Limits are established to protect the embryo/fetus from any potential effects which may occur from a significant amount of radiation. This radiation exposure may be the result of exposure to external sources of radiation or internal sources of radioactive material.
Potential effects associated with prenatal radiation doses include:
Growth retardation
Small head/ brain size
Mental retardation
Childhood cancer
At present occupation dose limits, the actual risk to the embryo/fetus is small.

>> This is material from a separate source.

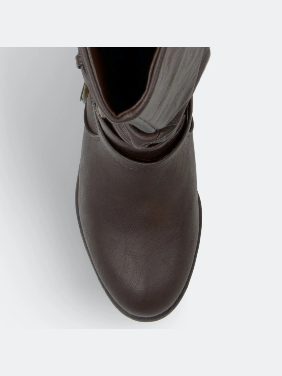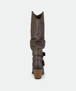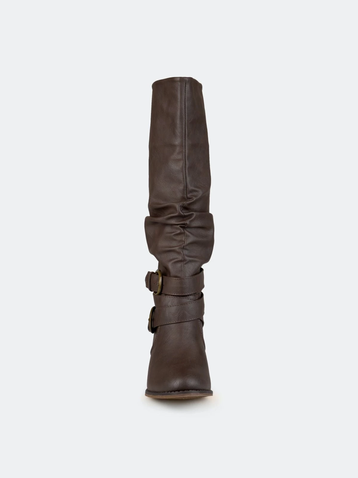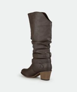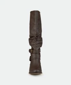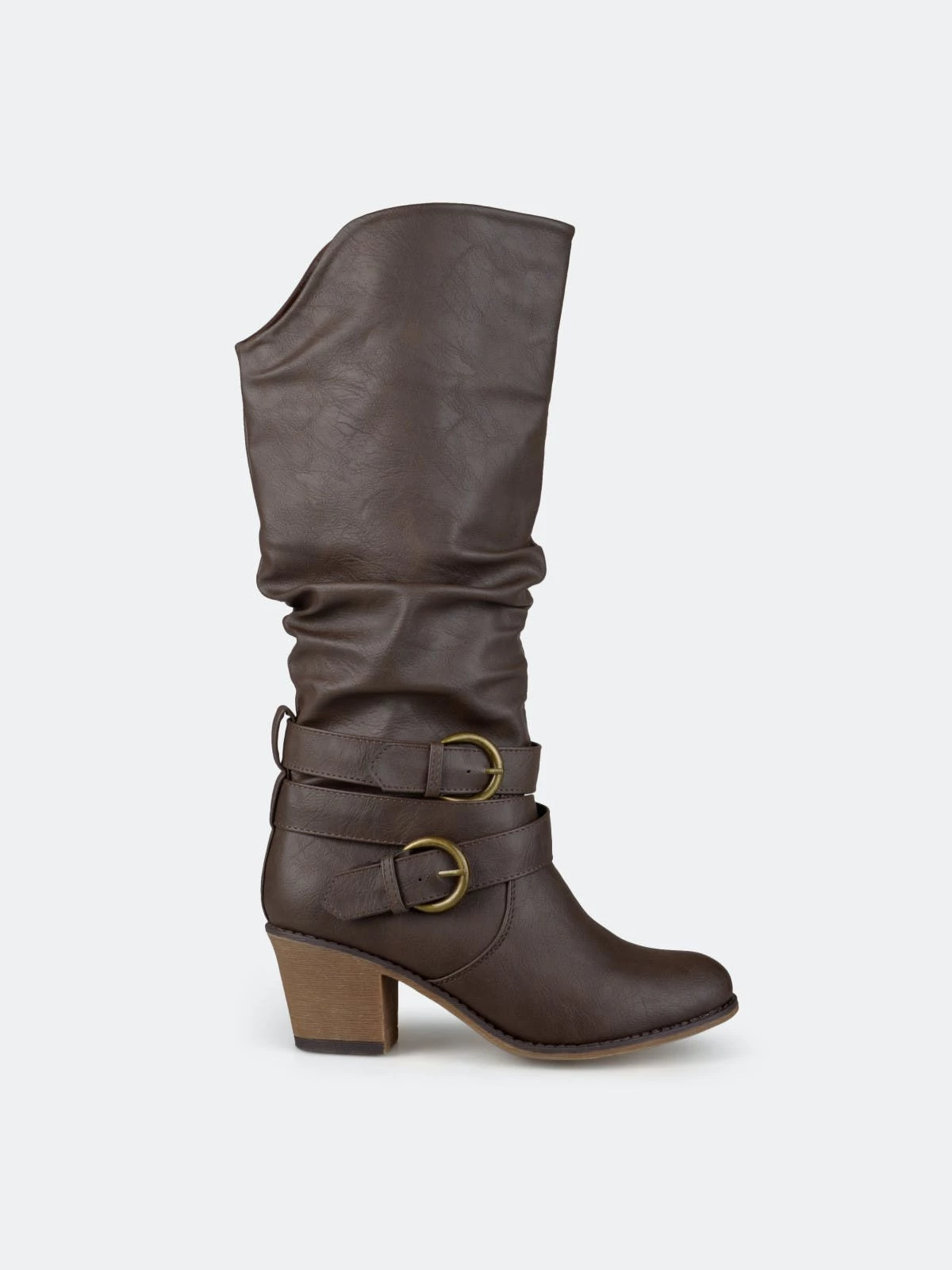 Step into trend-setting style with these buckle boots by Journee Collection. These fashionable wide-calf boots feature premium faux leather uppers that rise mid-calf with slightly raised angular vamps in the front.Heel Height: 2 1/4-inch. Heel Type: Stacked. Platform Height: 1/2-inch. Shaft Height: 14 inches. Calf Circumference: 16 1/2 inches. Top Circumference: 16 1/2 inches. Shoe Width: Medium. Closure Type: Pull-on. Toe Style: Round. Lining: Fabric. Upper Material: Faux Leather. Outersole Material: Man-made. Footbed: Padded. All measurements are approximate and were taken using a size 6. Please note measurements may vary slightly by size.

Acceptance of a risk is a highly personal matter. It requires a good deal of informed judgment. The risks associated with occupational radiation doses are considered acceptable as compared to other occupational risks by virtually all the scientific groups who have studied them. The following chart may help you put the potential risk of radiation into perspective when compared to other occupations and daily activities.
Note: The “life expectancy lost” value is determined from data on percentage of deaths due to the risk factor weighted by the age at death. Since radiation related deaths are calculated values, they are based on the assumption of cancer as the cause of death, with the associated mean age of death from cancer victims. All radiation risk values are based on the latest report from the National Academy of Sciences’ Biological Effects of Ionizing Radiation (BEIR) series – BEIR V.
A Comparison: Remember the 20% cancer risk mentioned earlier? If you receive 400 mrem/yr for 30 years, your calculated cancer risk is 20.5%. Smokers have a 25% cancer risk.
The table below presents another way of looking at health risks. This table lists activities calculated to have a one-in-a-million chance of causing death.
Conclusions Regarding Health Risk
We assume that any radiation exposure, no matter how small, carries with it some risk. However, we know that on average these risks are comparable to or smaller than risks we encounter in other activities or occupations that we consider safe. Since we have extensive control over how much radiation exposure we receive on the job, we can control and minimize this risk. The best approach is to keep our dose As Low As Reasonably Achievable, or ALARA – a term we will discuss in detail later. Minimizing the dose minimizes the risk.